Scientists at McMaster University have identified distinct features of a mechanism employed by bacteria to withstand a crucial category of antibiotics.
Gerry Wright, professor of Biochemistry and Biomedical studies at McMaster, says his lab’s recent discovery is significant because the antibiotic apramycin is currently in clinical trials and, should it pass through, having a thorough understanding of how bacteria might resist the drug will be crucial to extending its utility. Image Credit: Blake Dillon.
The recent publication in the esteemed journal Nature Chemical Biology highlights groundbreaking research revealing that resistance to aminoglycoside drugs, commonly used to treat various infections, is significantly more intricate than previously believed.
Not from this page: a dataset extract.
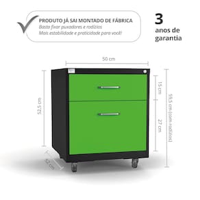 Dimensões do produto (com rodízios): 59,5 cm x 50 cm x 52 cm. Acabamento da Gaveta: Pintura Ambiente Principal: Escritório codigo_ean: 7900288318473 Complexidade da Montagem: Baixa: pode ser montado por uma pessoa sozinha Cor: Verde/Preto Cor do Produto: Verde/Preto Escala de Brilho: Semi-Brilho Gaveta com Chave: 01 Itens Inclusos: 1 Gaveteiro, Kit Ferragens e Manual de Montagem Manual de Montagem e Instalação: https://product-hub-prd.madeiramadeira.com.br/955348406/documents/9f5d6ba9-2f86-4dcc-ab3d-ba1716ca6074c3101829647517537919225441.pdf Marca: Isma Material da Gaveta: Aço Material Principal: Aço Necessita Montagem: Sim Origem do Produto: Nacional Peso: 12,1 kg Peso Máximo por Gaveta: 15 kg Possui Acabamento na Parte de Trás: Sim Possui Gaveta para Pasta Suspensa: Sim Possui Portas: Não Possui Prateleiras: Não Recomendações de Uso, Manutenção e Limpeza: Limpar apenas com pano macio e levemente umedecido. Em seguida, utilizar um pano macio e seco. Rodízio com Trava: Sim Sapatas Niveladoras: Não Sistema de Montagem: Parafusos Suporta Até (kg): 15 kg Tipo de Corrediça da Gaveta: Plástica Tipo de Puxador da Gaveta: Externo Marca: Não Informado

Gerry Wright, the Lead Investigator and Professor of Biochemistry and Biomedical Sciences at McMaster reports that his team observed unprecedented versatility in the ApmA gene, a well-studied bacterial resistance gene.
The study demonstrates that this gene, atypically, empowers bacteria to execute different functions against various antibiotics. Among the numerous aminoglycoside resistance enzymes identified by researchers, Wright emphasizes that only this particular one has displayed such adaptable behavior.
It’s a unicorn. It looks different, it operates differently, and it belongs to an entirely different family of enzymes. It’s completely different from all of the resistance mechanisms that we associate with this class of antibiotic.”
Gerry Wright, Study Lead Investigator and Professor, Biochemistry and Biomedical Sciences, McMaster University
As a member of the Michael G. DeGroote Institute for Infectious Disease Research, Wright notes that aminoglycosides were among the earliest clinically relevant antibiotics and the first effective ones against tuberculosis. However, due to their prescription since the 1940s, he highlights that “resistance to them has become a real issue”— with the exception of apramycin.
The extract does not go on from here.